Isolation of vacuoles from tobacco protoplasts
Protoplasts were prepared from exponentially growing BY2 cells as described by Negrutiu et al. (1987). Protoplasts were stored in W5 medium on ice for 1 h and subsequently used for isolation of vacuoles essentially as described by Sansebastiano et al. (1998). Protoplasts of 10 ml culture volume were pelleted and resuspended in 5 ml prewarmed (42°C) lysis buffer (0.2 m mannitol, 10% Ficoll 400, 20 mm EDTA, 2 mm DTT, 5 mm HEPES pH 8.0, 150 µg ml−1 bovine serum albumin). Release of vacuoles was observed using a microscope.
Cells were settled onto clean glass slides covered with MS medium under glass cover slips. Images were obtained by conventional microscopy using an AX-70 microscope and HQ480/40 filter for excitation and HQ535/50 filter for emission (Olympus, Hamburg, Germany) to visualize GFP, or confocal laser scanning microscopy (Leica DM IRBE Inverse microscope with Leica TCS SP Laser scanning unit) using a 40× Plan-Neofluar oil objective lens (NA 1.3; Zeiss, Jena, Germany). Images (Figure 4) were arranged using Adobe photoshop (Adobe Systems, Mountain View, CA).
Note added in proof
The functional analysis of KC01 in Arabidopsis has been published during the review process of our manuscript [Schönknecht, G., Spoormaker, P., Steinmeyer, R., Brüggemann, L., Ache, P., Dutta, R., Reintanz, B., Godde, M., Hedrich R. and Palme, K. (2001) KC01 is a component of the slow-vascuolar (SV) ion channel. FEBS Letters511, 28--32].

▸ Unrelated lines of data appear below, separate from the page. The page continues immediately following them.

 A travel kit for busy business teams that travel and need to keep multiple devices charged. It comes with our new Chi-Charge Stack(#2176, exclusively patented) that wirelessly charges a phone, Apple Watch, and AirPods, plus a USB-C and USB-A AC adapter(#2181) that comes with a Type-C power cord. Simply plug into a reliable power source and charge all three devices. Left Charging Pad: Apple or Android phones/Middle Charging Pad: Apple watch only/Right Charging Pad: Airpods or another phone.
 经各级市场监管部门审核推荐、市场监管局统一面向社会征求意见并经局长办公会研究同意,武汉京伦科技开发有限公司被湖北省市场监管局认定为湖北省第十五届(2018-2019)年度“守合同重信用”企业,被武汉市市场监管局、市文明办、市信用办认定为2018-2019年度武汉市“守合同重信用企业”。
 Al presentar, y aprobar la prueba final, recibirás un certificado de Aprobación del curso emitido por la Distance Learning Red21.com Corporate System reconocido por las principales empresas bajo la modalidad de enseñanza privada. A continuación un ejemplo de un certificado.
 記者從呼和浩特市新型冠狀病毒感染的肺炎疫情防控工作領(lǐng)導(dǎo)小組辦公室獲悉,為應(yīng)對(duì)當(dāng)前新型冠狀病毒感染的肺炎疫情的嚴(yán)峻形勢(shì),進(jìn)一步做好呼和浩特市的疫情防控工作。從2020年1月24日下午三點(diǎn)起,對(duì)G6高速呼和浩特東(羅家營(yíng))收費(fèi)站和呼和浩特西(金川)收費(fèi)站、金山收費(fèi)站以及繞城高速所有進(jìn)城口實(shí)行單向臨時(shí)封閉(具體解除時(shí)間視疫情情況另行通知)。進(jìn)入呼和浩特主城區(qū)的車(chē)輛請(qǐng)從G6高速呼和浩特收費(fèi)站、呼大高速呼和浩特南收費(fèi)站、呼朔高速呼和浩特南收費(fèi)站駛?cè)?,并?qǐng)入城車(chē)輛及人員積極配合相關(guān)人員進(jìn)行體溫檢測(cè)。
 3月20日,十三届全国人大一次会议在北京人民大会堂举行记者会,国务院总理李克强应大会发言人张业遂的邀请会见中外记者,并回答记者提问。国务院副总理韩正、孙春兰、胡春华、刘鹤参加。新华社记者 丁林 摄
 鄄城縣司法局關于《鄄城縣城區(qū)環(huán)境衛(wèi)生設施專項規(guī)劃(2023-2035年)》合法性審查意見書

We thank Kerstin Zander, Antje Schneider and Eike Kamann for expert technical assistance during biochemical analyses. We are grateful to M. Boutry, K.-J. Dietz and J. Joyard for providing antisera against membrane proteins, and U. Uwer and M. Ebneth for providing A. thaliana and potato genomic libraries, respectively. B. Mueller-Roeber thanks the Max-Planck-Society for previous support within the framework of a Junior Research Group. This work was supported by a grant of the Deutsche Forschungsgemeinschaft (MU1199/2-2) to B. Mueller-Roeber.